Ou manager rend-il toxique ? Je finis par me poser sérieusement la question. Je vous parle de management toxique en long, large et travers depuis la création de ce blog et longtemps, je me suis dit “oh mais j’ai pas de chance, quand même, de tomber que sur des managers toxiques”. Et puis j’ai compris qu’il y avait comme une fatalité, les chatons sont rarement mis à un poste de hyène impitoyable. Ou alors on leur met la pression jusqu’à ce qu’ils commencent à mordre ?
Un jour comme un autre, j’écoute un petit reportage de France X sur le management avec une femme qui témoigne que le fait d’être devenue manager l’avait transformée en monstre agressif et méprisant avec ses équipes. Oh, pauvre chérie, me direz-vous. Sur le coup, j’ai écouté ça avec les sourcils très relevés, habitée par le doute et la suspicion. T’as pas un peu kiffé ça, humilier tes collaborateurs ? Devient-on vraiment vilain du jour au lendemain en laissant couler sur vos subordonnés la tonne de stress que vos propres managers vous versent sur la tête.
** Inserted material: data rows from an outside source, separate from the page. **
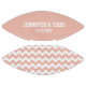Braut und Bräutigam, ganz nach Maß, in blasser Pfirsichform, auf der einen Hälfte der Oberseite und auf der anderen Hälfte der Spitze ein Zickzack, weißes und pfirsichfarbenes Muster. Personalisieren Sie den fett weißen Text der Braut und Bräutigam Namen und Hochzeitstag. Eine tolle Geschenkidee für das Fußballfans-Paar.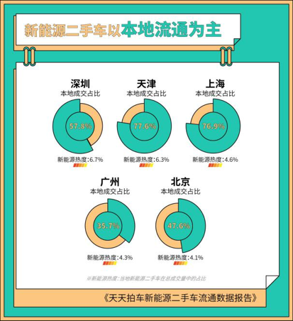 在新能源二手车流通方面,本地化、区域化的交易是主要的流通方式。整体来看,本地成交的新能源二手车在天天拍车平台的占比为63%,大部分的新能源二手车被本地买家买走。其中,深圳的本地成交占比为57.8%、天津为77.6%、上海为76.9%。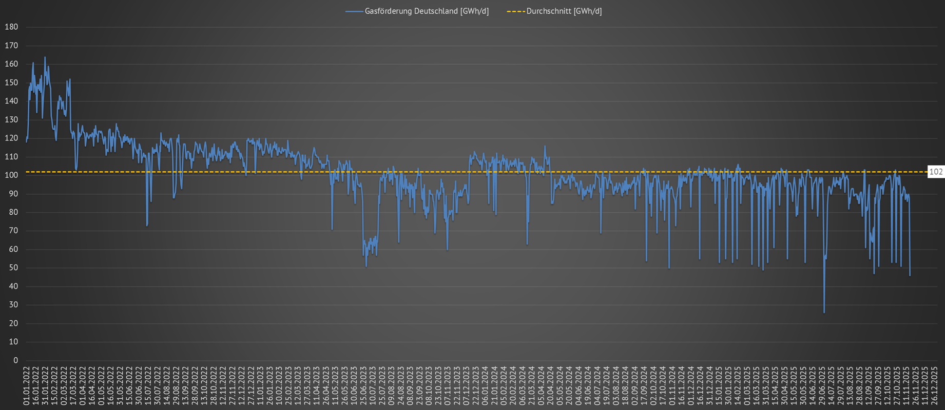 | Dargestellt sind die Erdgasförderungen Deutschlands in Gigawattstunden pro Tag. | |||||||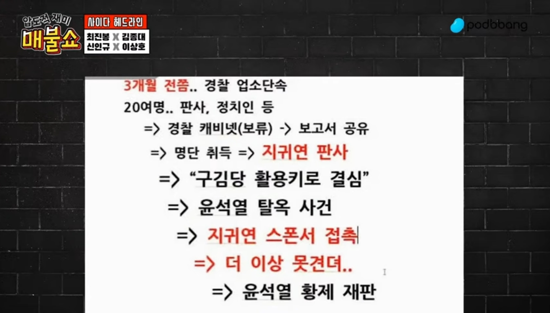 3개월 전쯤 경찰이 업소 단속 > 20여명(판사 정치인 등등) > 경찰 캐비넷으로 보류 > 보고서가 뒤로 공유되면서 명단 취득(지귀연) > 국힘이 활용하기로 함 > 윤석열 탈옥 사건 > 지귀연 스폰서 접촉 > 윤석열 황제재판

Ok, ce n’est pas impossible. Surtout que le chef toxique et vachard est adulé dans la pop culture. Et ça pourrait expliquer deux ou trois trucs.
Retour sur Vanessa la manipulatrice. Une de mes anciennes collègues avait bossé avec elle et avait allumé tous les warnings. Attention, grosse manipulatrice, ne fais pas confiance ! Un jour, je déjeune avec cette ex collègue et je lui explique qu’être managée par Vanessa, c’est un enfer au quotidien. Qu’elle multiplie piques et agressions, notamment sur l’orthographe. Ce qui ne peut pas fonctionner avec moi et pour le coup, elle n’essaie même pas. Et là, révélation “c’est ouf, elle fait exactement comme faisait notre ancien chef”. En gros, Vanessa nous racontait à l’envie à quel point, elle était la petite chouchou de son ex boss. Ma pote me disait que c’était à peu près l’inverse : humiliations permanentes et quand elle se disait bras droit, elle gérait en vérité un petit pool de deux stagiaires. Et il la harcelait sur son orthographe. Sujet que je savais sensible car elle avait eu une vive réaction sur le sujet un jour alors que je parlais d’une pres réalisée par quelqu’un d’autre. Vu qu’elle n’en a jamais réalisé une seule.
Du coup, je m’interroge. Vanessa était-elle une manipulatrice perverse ou reproduisait-elle juste un comportement, pensant que c’était comme ça que l’on manageait ? Alors dans son cas, clairement, ça reste de la manipulation. Mais dans la plupart des cas, les mauvais managers que j’ai pu rencontrés (et Dieu seu sait que… bon…) tentaient de masquer leur incompétence par les cris. J’en avais eu une dans un éphémère poste qui m’avait clairement pris en grippe. Essentiellement parce que je voulais pas lui raconter ma vie personnelle, je crois. Alors que j’étais désemparée parce que je m’en prenais toujours plein la gueule quoi que je fasse ou ne fasse pas, une stagiaire américaine avec qui j’avais fort sympathisé me lâche un jour “c’est la pire boss que j’ai jamais eue. Elle me demande de faire un truc mais quand je lui demande comment, elle me répond que j’ai qu’à regarder de la vague documentation.” Sous-entendu “je sais pas ce que je veux, démerde-toi mais fais-le bien, sinon…” De façon générale, plus un manager vous parle mal et vous agresse, plus il masque sa propre méconnaissance ou incompétence sur un sujet donné. Comme Michel le toxique qui vient enfin de quitter la société, d’ailleurs. Je vous l’avais déjà dit ? Oui, mais je ne me lasse pas de l’annoncer.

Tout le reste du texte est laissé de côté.